** Work task **
Take the records below and retype them line by line, from the first line through the one containing "I think I understand"; stop there.

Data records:
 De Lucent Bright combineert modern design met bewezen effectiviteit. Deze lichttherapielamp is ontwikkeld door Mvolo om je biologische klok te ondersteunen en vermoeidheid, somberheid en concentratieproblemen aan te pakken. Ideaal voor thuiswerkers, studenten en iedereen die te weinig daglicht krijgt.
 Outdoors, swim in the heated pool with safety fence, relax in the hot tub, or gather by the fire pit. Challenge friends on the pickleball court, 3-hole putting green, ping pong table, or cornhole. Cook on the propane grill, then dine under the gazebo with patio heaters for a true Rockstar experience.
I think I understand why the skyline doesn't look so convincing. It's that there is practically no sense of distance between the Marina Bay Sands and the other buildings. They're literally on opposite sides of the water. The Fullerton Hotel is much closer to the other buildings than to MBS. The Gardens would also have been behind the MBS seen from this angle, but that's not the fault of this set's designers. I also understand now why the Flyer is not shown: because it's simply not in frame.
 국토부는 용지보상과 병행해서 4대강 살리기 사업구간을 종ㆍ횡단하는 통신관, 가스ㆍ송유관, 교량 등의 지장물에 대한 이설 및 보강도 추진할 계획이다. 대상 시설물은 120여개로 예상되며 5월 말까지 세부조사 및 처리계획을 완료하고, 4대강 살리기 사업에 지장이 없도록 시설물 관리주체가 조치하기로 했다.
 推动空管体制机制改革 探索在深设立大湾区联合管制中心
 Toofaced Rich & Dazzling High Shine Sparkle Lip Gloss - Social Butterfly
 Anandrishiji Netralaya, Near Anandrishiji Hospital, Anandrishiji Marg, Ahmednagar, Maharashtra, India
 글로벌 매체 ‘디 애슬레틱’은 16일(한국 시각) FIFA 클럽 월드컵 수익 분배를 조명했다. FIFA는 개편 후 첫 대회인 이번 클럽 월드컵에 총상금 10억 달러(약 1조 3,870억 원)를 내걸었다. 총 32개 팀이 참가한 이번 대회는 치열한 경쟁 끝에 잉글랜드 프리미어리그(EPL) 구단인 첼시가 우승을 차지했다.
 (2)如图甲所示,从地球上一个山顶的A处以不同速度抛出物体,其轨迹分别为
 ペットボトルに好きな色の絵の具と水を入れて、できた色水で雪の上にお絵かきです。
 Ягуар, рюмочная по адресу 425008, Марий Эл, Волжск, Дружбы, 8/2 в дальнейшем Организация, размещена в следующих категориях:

** Exercise response **
 De Lucent Bright combineert modern design met bewezen effectiviteit. Deze lichttherapielamp is ontwikkeld door Mvolo om je biologische klok te ondersteunen en vermoeidheid, somberheid en concentratieproblemen aan te pakken. Ideaal voor thuiswerkers, studenten en iedereen die te weinig daglicht krijgt.
 Outdoors, swim in the heated pool with safety fence, relax in the hot tub, or gather by the fire pit. Challenge friends on the pickleball court, 3-hole putting green, ping pong table, or cornhole. Cook on the propane grill, then dine under the gazebo with patio heaters for a true Rockstar experience.
I think I understand why the skyline doesn't look so convincing. It's that there is practically no sense of distance between the Marina Bay Sands and the other buildings. They're literally on opposite sides of the water. The Fullerton Hotel is much closer to the other buildings than to MBS. The Gardens would also have been behind the MBS seen from this angle, but that's not the fault of this set's designers. I also understand now why the Flyer is not shown: because it's simply not in frame.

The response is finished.